> [Recorded data]
▬▬▬▬▬▬▬▬▬▬

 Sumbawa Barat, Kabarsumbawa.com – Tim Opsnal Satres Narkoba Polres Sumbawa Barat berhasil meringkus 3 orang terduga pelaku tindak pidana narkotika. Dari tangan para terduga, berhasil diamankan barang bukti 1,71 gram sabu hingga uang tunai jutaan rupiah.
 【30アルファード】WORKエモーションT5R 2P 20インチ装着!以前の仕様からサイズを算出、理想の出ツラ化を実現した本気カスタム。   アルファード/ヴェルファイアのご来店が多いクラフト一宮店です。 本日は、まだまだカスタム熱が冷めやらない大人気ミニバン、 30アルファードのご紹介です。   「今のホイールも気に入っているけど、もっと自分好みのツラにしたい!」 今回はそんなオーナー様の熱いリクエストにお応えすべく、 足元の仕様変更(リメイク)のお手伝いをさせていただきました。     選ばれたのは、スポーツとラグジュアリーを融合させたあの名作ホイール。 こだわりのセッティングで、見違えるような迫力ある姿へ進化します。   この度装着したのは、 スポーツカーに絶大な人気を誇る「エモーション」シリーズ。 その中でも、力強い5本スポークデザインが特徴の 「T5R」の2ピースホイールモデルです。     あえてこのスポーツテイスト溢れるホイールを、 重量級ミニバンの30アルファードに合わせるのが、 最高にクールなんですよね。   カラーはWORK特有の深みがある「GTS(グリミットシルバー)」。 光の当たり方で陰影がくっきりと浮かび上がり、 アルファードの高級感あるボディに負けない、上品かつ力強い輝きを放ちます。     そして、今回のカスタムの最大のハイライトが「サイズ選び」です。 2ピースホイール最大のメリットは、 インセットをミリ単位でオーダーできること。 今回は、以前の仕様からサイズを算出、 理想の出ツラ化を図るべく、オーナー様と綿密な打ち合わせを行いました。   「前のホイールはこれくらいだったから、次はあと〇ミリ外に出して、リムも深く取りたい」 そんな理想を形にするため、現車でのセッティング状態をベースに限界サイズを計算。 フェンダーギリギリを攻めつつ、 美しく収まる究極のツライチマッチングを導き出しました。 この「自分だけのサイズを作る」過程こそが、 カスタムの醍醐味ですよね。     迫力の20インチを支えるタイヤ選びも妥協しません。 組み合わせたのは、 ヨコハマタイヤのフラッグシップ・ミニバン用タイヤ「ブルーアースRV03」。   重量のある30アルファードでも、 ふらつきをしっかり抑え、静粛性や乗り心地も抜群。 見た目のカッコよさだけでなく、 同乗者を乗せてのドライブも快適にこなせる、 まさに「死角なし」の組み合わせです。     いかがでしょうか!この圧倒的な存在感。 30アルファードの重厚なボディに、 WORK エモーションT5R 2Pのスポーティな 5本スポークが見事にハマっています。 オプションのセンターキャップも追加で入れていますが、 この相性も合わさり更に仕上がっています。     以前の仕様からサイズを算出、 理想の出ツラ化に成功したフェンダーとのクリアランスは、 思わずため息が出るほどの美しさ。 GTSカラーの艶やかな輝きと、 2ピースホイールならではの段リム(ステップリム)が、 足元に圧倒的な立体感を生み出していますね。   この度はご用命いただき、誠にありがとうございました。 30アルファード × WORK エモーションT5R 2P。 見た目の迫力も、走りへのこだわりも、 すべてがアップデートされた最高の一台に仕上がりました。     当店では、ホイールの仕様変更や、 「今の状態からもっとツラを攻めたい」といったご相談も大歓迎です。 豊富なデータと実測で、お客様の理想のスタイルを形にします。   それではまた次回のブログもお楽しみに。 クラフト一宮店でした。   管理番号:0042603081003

▬▬▬▬▬▬▬▬▬▬

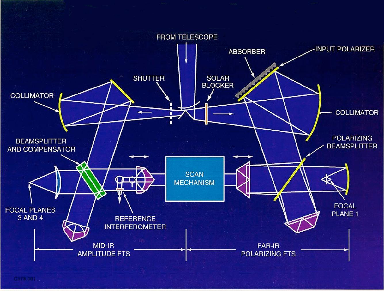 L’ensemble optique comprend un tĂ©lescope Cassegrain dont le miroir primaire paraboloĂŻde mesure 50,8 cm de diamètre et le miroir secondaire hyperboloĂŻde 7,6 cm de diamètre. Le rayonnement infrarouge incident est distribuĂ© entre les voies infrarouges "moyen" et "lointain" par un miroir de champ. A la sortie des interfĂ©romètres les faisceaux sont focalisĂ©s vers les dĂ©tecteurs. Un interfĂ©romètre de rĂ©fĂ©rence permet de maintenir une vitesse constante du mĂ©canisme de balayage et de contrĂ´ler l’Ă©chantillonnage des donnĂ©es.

▬▬▬▬▬▬▬▬▬▬

> [Goal of the exercise] Here the output must be the lines above from the line with "Sumbawa Barat, Kabarsumbawa.com" to the line with "クラフト一宮店でした。   管理番号:0042603081003", both included, duplicated word for word and nothing else.

> [Written response]
 Sumbawa Barat, Kabarsumbawa.com – Tim Opsnal Satres Narkoba Polres Sumbawa Barat berhasil meringkus 3 orang terduga pelaku tindak pidana narkotika. Dari tangan para terduga, berhasil diamankan barang bukti 1,71 gram sabu hingga uang tunai jutaan rupiah.
 【30アルファード】WORKエモーションT5R 2P 20インチ装着!以前の仕様からサイズを算出、理想の出ツラ化を実現した本気カスタム。   アルファード/ヴェルファイアのご来店が多いクラフト一宮店です。 本日は、まだまだカスタム熱が冷めやらない大人気ミニバン、 30アルファードのご紹介です。   「今のホイールも気に入っているけど、もっと自分好みのツラにしたい!」 今回はそんなオーナー様の熱いリクエストにお応えすべく、 足元の仕様変更(リメイク)のお手伝いをさせていただきました。     選ばれたのは、スポーツとラグジュアリーを融合させたあの名作ホイール。 こだわりのセッティングで、見違えるような迫力ある姿へ進化します。   この度装着したのは、 スポーツカーに絶大な人気を誇る「エモーション」シリーズ。 その中でも、力強い5本スポークデザインが特徴の 「T5R」の2ピースホイールモデルです。     あえてこのスポーツテイスト溢れるホイールを、 重量級ミニバンの30アルファードに合わせるのが、 最高にクールなんですよね。   カラーはWORK特有の深みがある「GTS(グリミットシルバー)」。 光の当たり方で陰影がくっきりと浮かび上がり、 アルファードの高級感あるボディに負けない、上品かつ力強い輝きを放ちます。     そして、今回のカスタムの最大のハイライトが「サイズ選び」です。 2ピースホイール最大のメリットは、 インセットをミリ単位でオーダーできること。 今回は、以前の仕様からサイズを算出、 理想の出ツラ化を図るべく、オーナー様と綿密な打ち合わせを行いました。   「前のホイールはこれくらいだったから、次はあと〇ミリ外に出して、リムも深く取りたい」 そんな理想を形にするため、現車でのセッティング状態をベースに限界サイズを計算。 フェンダーギリギリを攻めつつ、 美しく収まる究極のツライチマッチングを導き出しました。 この「自分だけのサイズを作る」過程こそが、 カスタムの醍醐味ですよね。     迫力の20インチを支えるタイヤ選びも妥協しません。 組み合わせたのは、 ヨコハマタイヤのフラッグシップ・ミニバン用タイヤ「ブルーアースRV03」。   重量のある30アルファードでも、 ふらつきをしっかり抑え、静粛性や乗り心地も抜群。 見た目のカッコよさだけでなく、 同乗者を乗せてのドライブも快適にこなせる、 まさに「死角なし」の組み合わせです。     いかがでしょうか!この圧倒的な存在感。 30アルファードの重厚なボディに、 WORK エモーションT5R 2Pのスポーティな 5本スポークが見事にハマっています。 オプションのセンターキャップも追加で入れていますが、 この相性も合わさり更に仕上がっています。     以前の仕様からサイズを算出、 理想の出ツラ化に成功したフェンダーとのクリアランスは、 思わずため息が出るほどの美しさ。 GTSカラーの艶やかな輝きと、 2ピースホイールならではの段リム(ステップリム)が、 足元に圧倒的な立体感を生み出していますね。   この度はご用命いただき、誠にありがとうございました。 30アルファード × WORK エモーションT5R 2P。 見た目の迫力も、走りへのこだわりも、 すべてがアップデートされた最高の一台に仕上がりました。     当店では、ホイールの仕様変更や、 「今の状態からもっとツラを攻めたい」といったご相談も大歓迎です。 豊富なデータと実測で、お客様の理想のスタイルを形にします。   それではまた次回のブログもお楽しみに。 クラフト一宮店でした。   管理番号:0042603081003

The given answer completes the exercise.